Me narró Muḥammad b. ʿAmr,
dijo:
nos narró Abū ʿĀṣim,
dijo:
nos narró ʿĪsā. Y me narró al-Ḥārith,
dijo:
nos narró al-Ḥasan,
dijo:
nos narró Warqāʾ; todos, de Ibn Abī Najīḥ, de Mujāhid:
Su dicho:
{إنّا جَعَلْناها فِتْنَةً للظّالِمينَ} —dijo: la afirmación de Abū Jahl: “el zaqqūm no es sino dátiles y manteca; ¡me lo ‘tazaffam’!”
Y Su dicho:
{طَلْعُها كأنّهُ رُؤُوسُ الشّياطِين} dice —exaltado sea Su recuerdo—: como si el espádice de este árbol —es decir, el árbol del zaqqūm—, en su fealdad y repugnancia, fuera como las cabezas de los demonios en su fealdad.
Y se mencionó que eso está en la lectura de ʿAbd Allāh:
«إنّها شَجَرَةٌ نابِتَةٌ فِي أصْلِ الجَحِيمِ»
como:
Nos narró Bishr,
dijo:
nos narró Yazīd,
dijo:
nos narró Saʿīd, de Qatāda,
acerca de Su dicho:
{طَلْعُها كأنّهُ رُءُوسُ الشّياطِينُ} —dijo: lo asemejó a eso.
Si alguien dijera:
¿cuál es el sentido de asemejar el espádice de este árbol a las cabezas de los demonios en la fealdad, cuando no tenemos conocimiento del grado de fealdad de las cabezas de los demonios? Pues una cosa solo se ejemplifica con otra para dar a conocer al ejemplificado aquello que se le ejemplifica, por la cercanía de semejanza entre ambos, con conocimiento por parte del destinatario del ejemplo de las dos cosas, o de una de ellas. Y es sabido que los asociadores a quienes se dirigió esta aleya no conocían el árbol del zaqqūm, ni las cabezas de los demonios, ni los habían visto, ni a uno de los dos.
Se le dirá:
En cuanto al árbol del zaqqūm, Dios —exaltado sea Su recuerdo— se lo describió y se lo aclaró hasta que supieron qué era y cuál era su descripción, pues les dijo:
{شَجَرَةُ تَخْرُجُ فِي أصْلِ الجَحِيمِ طَلْعُها كأنّهُ رُؤُوسُ الشّياطِينِ} y no los dejó en ceguera respecto de ello. En cuanto a Su comparación de su espádice con las cabezas de los demonios,
digo que para ello hay varios sentidos comprensibles:
uno de ellos es que se haya comparado con las cabezas de los demonios conforme a un uso ya establecido entre los destinatarios de la aleya; y es que el uso de la gente ha corrido entre ellos, en su hipérbole, que cuando uno de ellos quiere exagerar en afear algo,
dice:
“como si fuera un demonio”; ese es uno de los pareceres.

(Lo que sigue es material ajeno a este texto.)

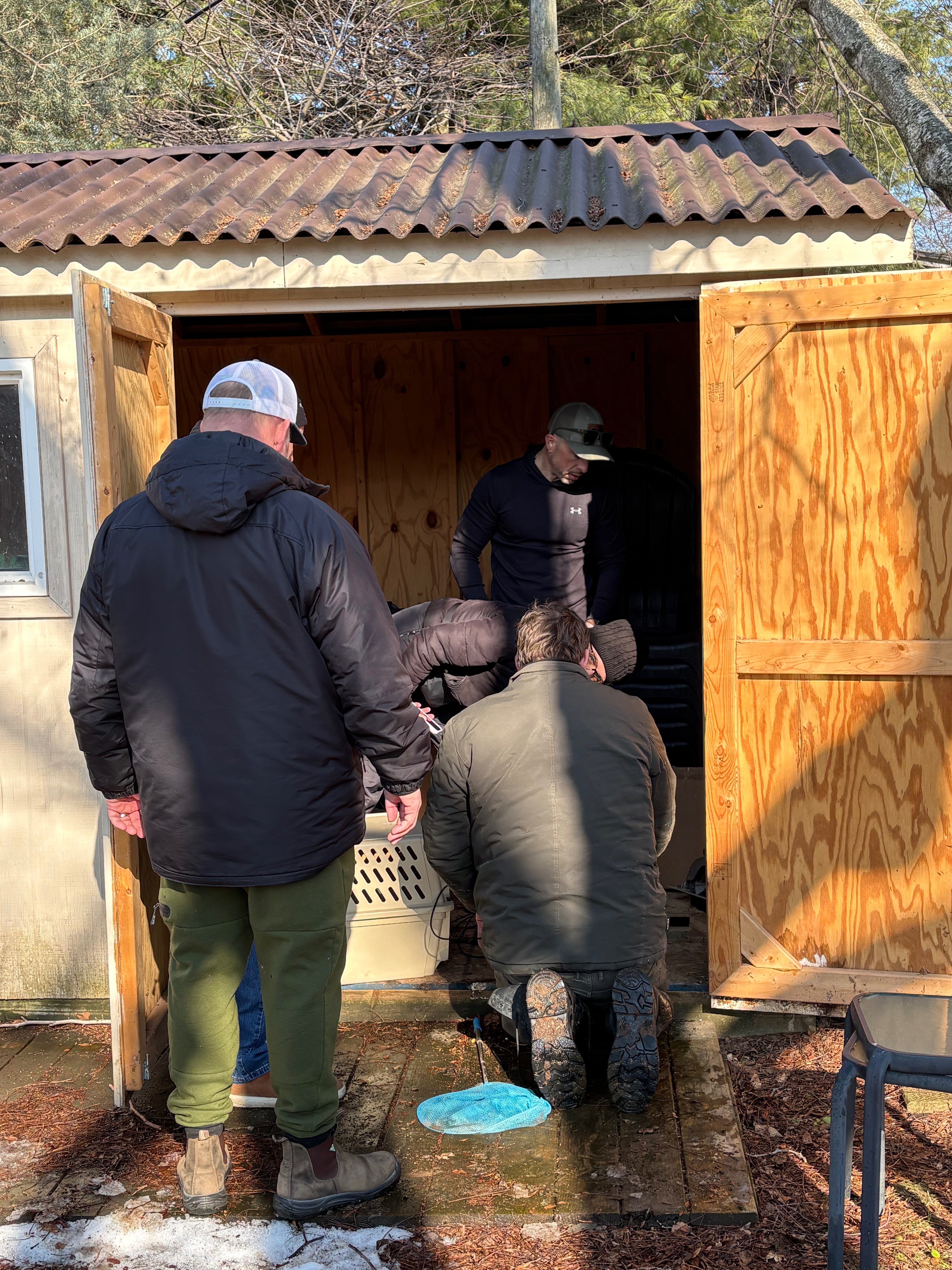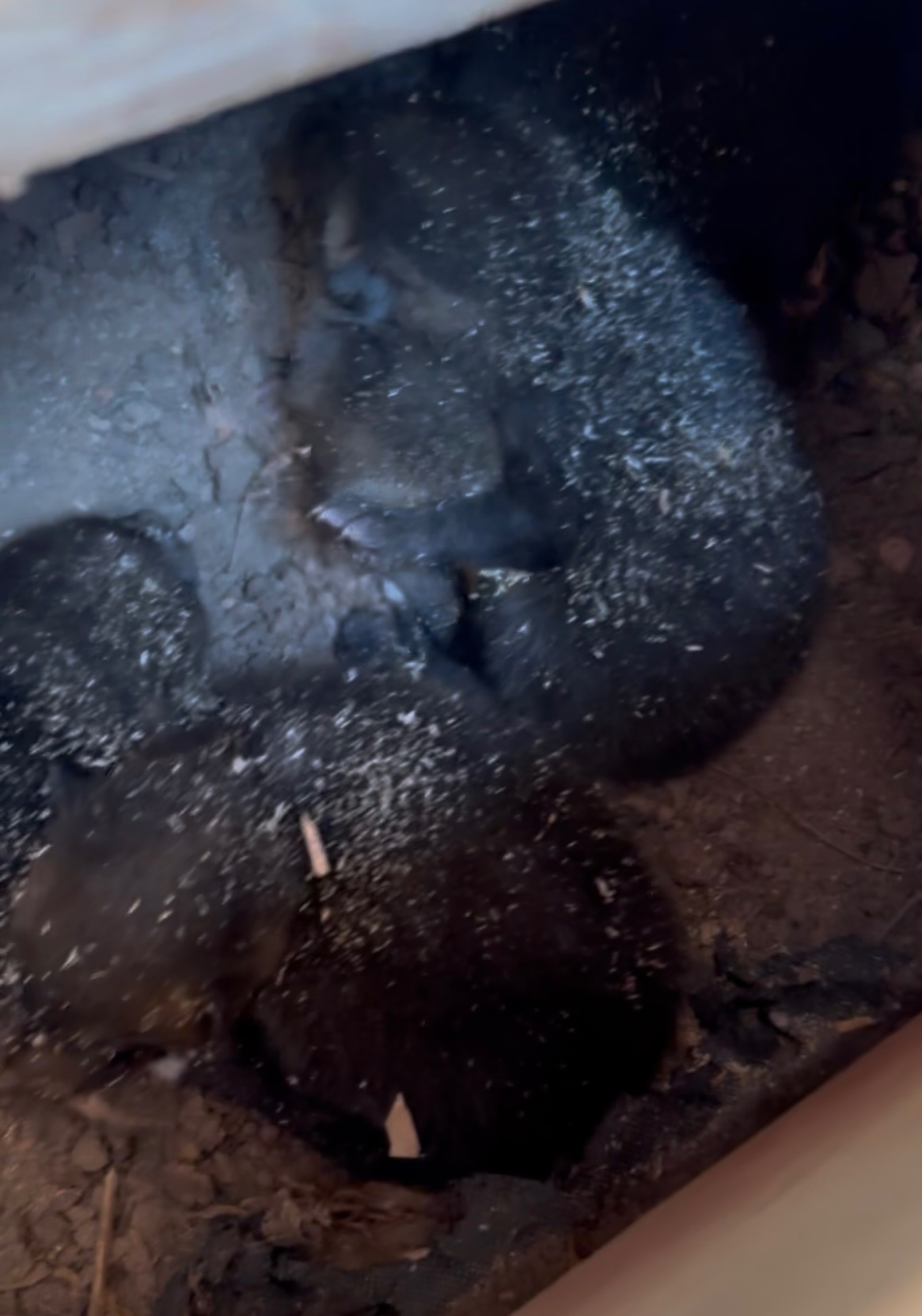 Then we heard it - faint cries coming from under a shed!
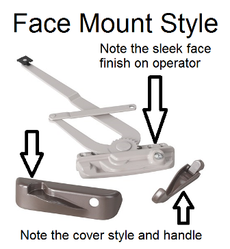 PLEASE NOTE: These are the most commonly confused and mis-ordered parts. Please Look Closely at the biggest difference in models - look at the "formed face" of the unit vs. one that has no face on operator. Please Send Us Pictures of your Unit IF NOT SURE. The proper "handing" is also a critical factor. Face Mount Styles - This is a special order item and non-returnable. This is not the "most common style used" for normal Old Casement Windows Circa 1960's, 1970's, 1980's, 1990's | PLEASE LOOK AT HOW THIS UNIT IS NORMALLY INSTALLED AND OTHER ACTUAL PARTS - This is the main way to tell them apart. Specify whether a left handed or right handed. If not specified we ship left handing.

El segundo es que se haya comparado con la cabeza de una serpiente conocida entre los árabes, llamada “shayṭān”; es una serpiente que tiene, según se ha mencionado, una cresta, de rostro y aspecto feos.
Y a ella se refirió el rajazista en su dicho:
عَنْجَرِدٌ تَحْلِفُ حِينَ أحْلِفُكمِثْلِ شَيْطانِ الحَماطِ أعْرَفُ
Y se transmite: عُجَيّزٌ.
Y el tercero:
que se haya comparado con un brote conocido, semejante a las cabezas de los demonios; se mencionó que es de cabeza fea.
{فإنّهُمْ لاََكِلُونَ مِنْها فَمالِئُونَ منها البُطُونَ} dice —exaltado sea Su recuerdo—: ciertamente esos asociadores para quienes Dios hizo de este árbol una tentación, comerán de este árbol —que es el árbol del zaqqūm— y llenarán sus vientres con su zaqqūm.